After rejecting Boston’s offer to proceed with the event provided the group raised a different flag, the organization sued the City on the grounds its actions violated the First Amendment’s Free Speech Clause. In granting summary judgment in favor of Boston, the district court found flying private groups’ flags was government speech, and thus the City acted within its authority by refusing to raise Camp Constitution’s flag. The group appealed to the Court of Appeals for the First Circuit, which affirmed. The Supreme Court of the United States accepted certiorari to determine whether: (1) Boston’s practice of allowing private groups to fly flags was an expression of government speech, and (2) whether the City could deny the group’s flag-raising request without violating the Free Speech Clause.

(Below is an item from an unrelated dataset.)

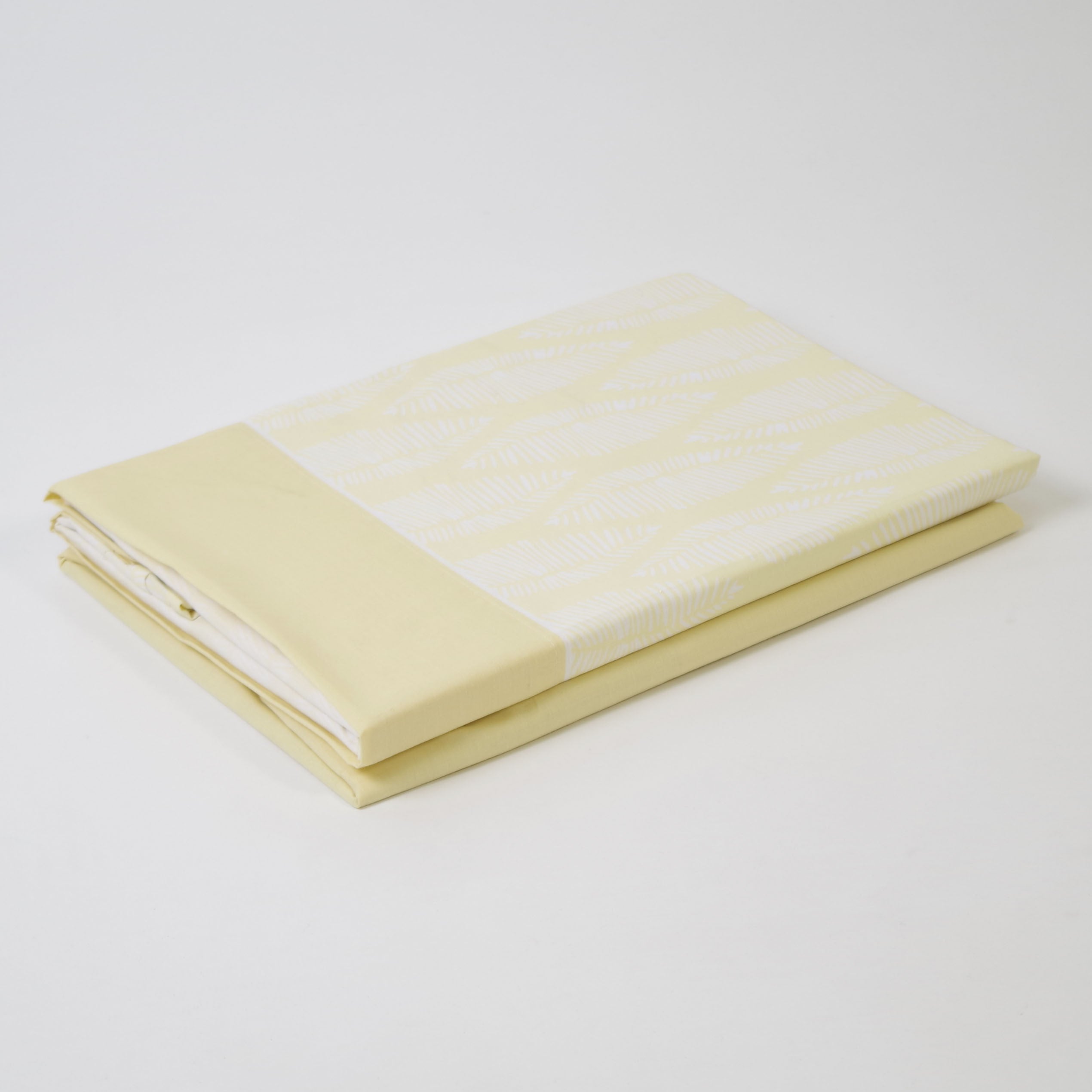 O conjunto é composto por lençol de cima, lençol ajustável, e fronha com duas aberturas.

While noting the Free Speech Clause does not require the government to express certain views—that is, the government is permitted to choose what it does and does not wish to say—the Court nonetheless observed that “[t]he boundary between government speech and private expression can blur when, as here, a government invites the people to participate in a program.” When this occurs, the question becomes when does such expression constitute the government’s speech as opposed to creating a forum for private expression? The test, the Court wrote, is to “conduct a holistic inquiry designed to determine whether the government intends to speak for itself or to regulate private expression.” Instead of applying a mechanical set of factors, courts are to look at a variety of indicators, including “the history of the expression at issue; the public’s likely perception as to who (the government or a private person) is speaking; and the extent to which the government has actively shaped or controlled the expression.”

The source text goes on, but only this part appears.